Love can be the most powerful force in the universe. It is a fundamentally relevant element of human life that is as ambiguous as there number of people, men and women, who tread its road. But it wouldn’t be too much, I suppose, if I say it is everything. Whether it is between two people or about learning to love oneself, love has the power to transform ugliness into the purest essence of beauty. It also has the power to recharge, revitalize, and transform people into better versions of themselves. Now, here are 5 tips to foster that curative love:
  • Learn to love yourself and reach out to others. This may take time and practice. Be creative and recognize what you really need.
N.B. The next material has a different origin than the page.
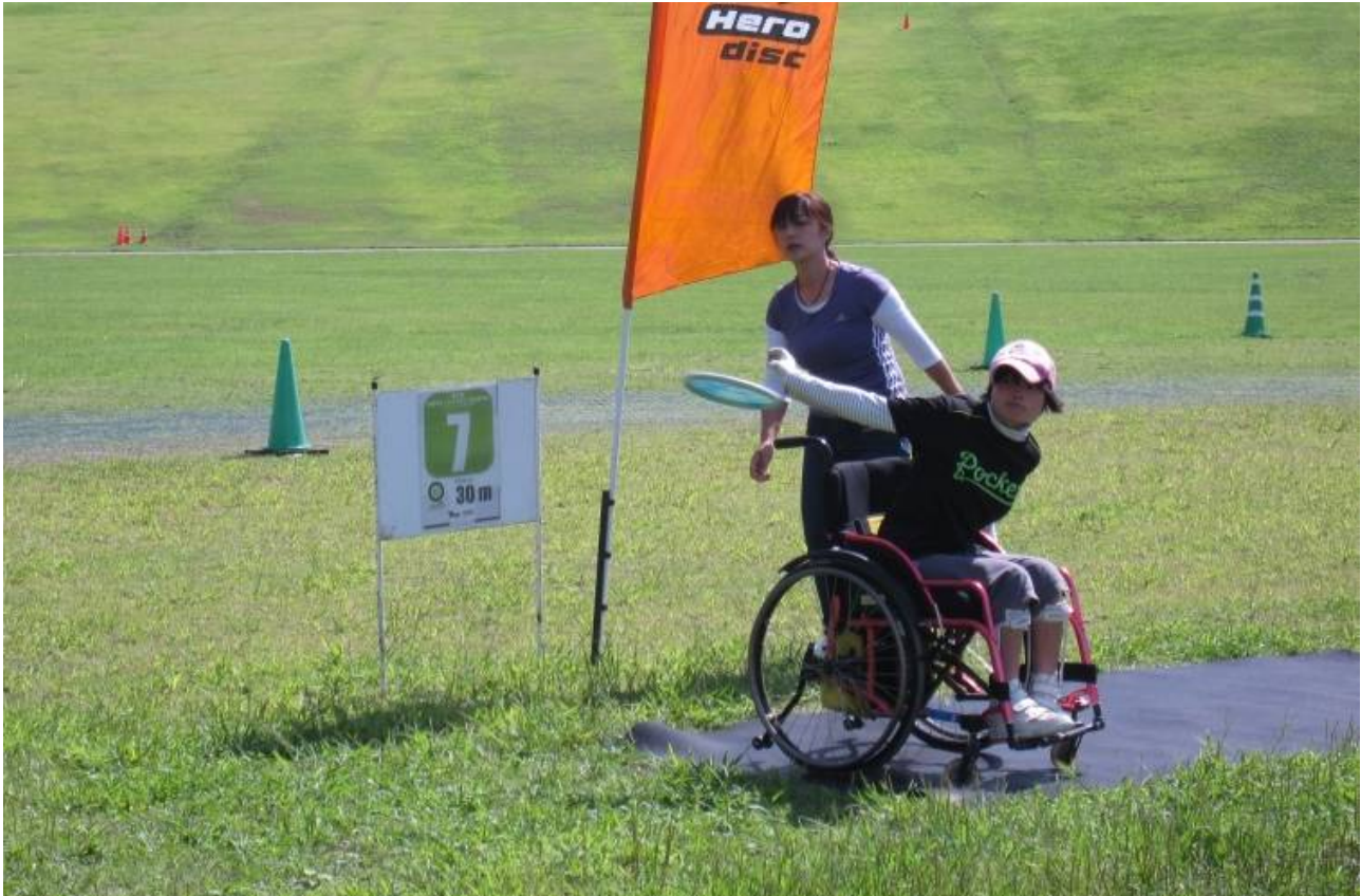
第三回大会の様子(平成二十二年九月二十六日撮影)

Protecting your heart from pain only serves to build walls around it and makes it more vulnerable to heart disease. Reach out to others.
  • Forgive yourself and forgive others. This is certainly easier said than done. It takes practice of knowing your limitations and a lot of soul-searching. Holding onto grudges only serves to hurt you. Write out your grievances and destroy the paper. Alternatively, paint, sculpt, or draw to express your feelings so you can be free from them.
  • Nurture a spiritual practice and nurture your relationships. Recognizing yourself as a spiritual being with a human existence can help you to feel more connected to the world and other people. It can also help you establish greater meaning in your life. Don’t be afraid to do something nice to the ones you care for. Call someone just to say “I love you,” take some homemade soup to someone who hasn’t been feeling well, invite a neighbor over for an herbal tea, give an unexpected card…the list of possibilities is endless.
  • Find things to appreciate in your life and stop to smell the roses. You may write daily in your “gratitude journal” about all the things you were grateful for. Share to others that day’s entry about being grateful for meeting someone. As you approach your own life with a positive attitude, you also put a smile on someone’s face too. Do not hurry, slow down. In this fast-paced world where tome is gold, this usually requires effort but this can be done. If you make your work the first priority…it will manifest in your health. Flip things around, put your health up top and make time to enjoy the simple things in life like flowers, friendships, beautiful music, or a bubble bath.
  • Love your body by treating it well and let people know how you feel about them. Unhealthy habits and attitudes demonstrate a lack of love for oneself. If you love your body feed it nourishing food. Exercise and practice meditation or deep breathing. If you don’t love your body or aren’t sure if you do, turn to other people. Sure, your husband, wife, child, parents or friends may know you care for them and yourself, but I’m sure hearing about it would do wonders. Muster some courage and express your loving thoughts and feelings. It gets easier with time.